**Dataset section**:
○ ○ ○ ○

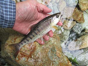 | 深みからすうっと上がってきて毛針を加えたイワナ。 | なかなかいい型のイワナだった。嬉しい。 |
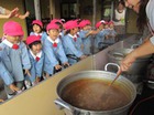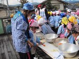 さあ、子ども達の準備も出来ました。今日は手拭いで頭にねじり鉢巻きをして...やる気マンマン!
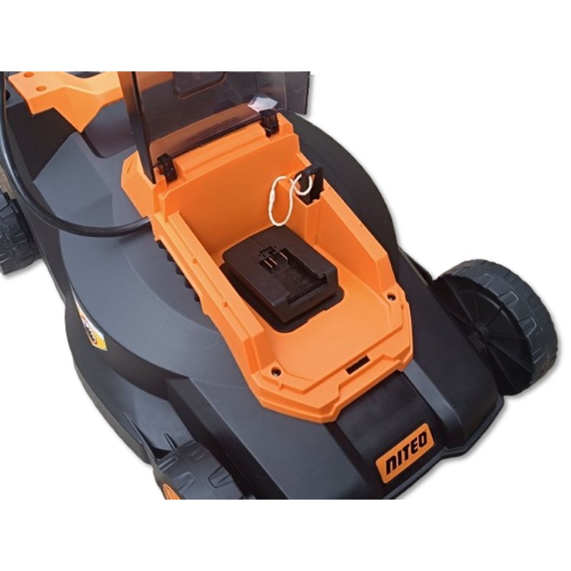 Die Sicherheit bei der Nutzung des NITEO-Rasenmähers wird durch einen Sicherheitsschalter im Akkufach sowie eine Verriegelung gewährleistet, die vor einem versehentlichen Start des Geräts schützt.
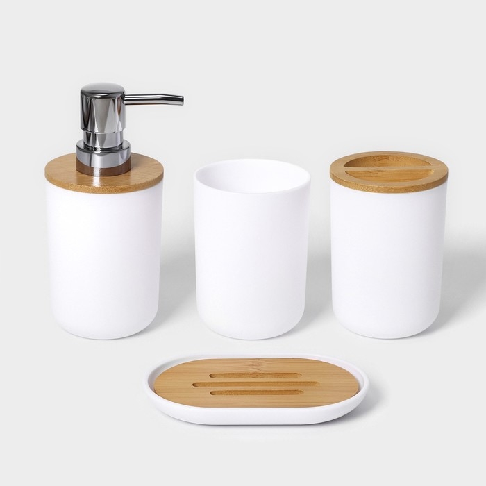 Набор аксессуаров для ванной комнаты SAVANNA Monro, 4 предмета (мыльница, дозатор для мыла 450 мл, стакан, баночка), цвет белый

○ ○ ○ ○

The lines wanted run from the one with "Die Sicherheit bei" through the final line of the data; repeat them word for word and skip every picture.

**Answer space**:
 Die Sicherheit bei der Nutzung des NITEO-Rasenmähers wird durch einen Sicherheitsschalter im Akkufach sowie eine Verriegelung gewährleistet, die vor einem versehentlichen Start des Geräts schützt.
 Набор аксессуаров для ванной комнаты SAVANNA Monro, 4 предмета (мыльница, дозатор для мыла 450 мл, стакан, баночка), цвет белый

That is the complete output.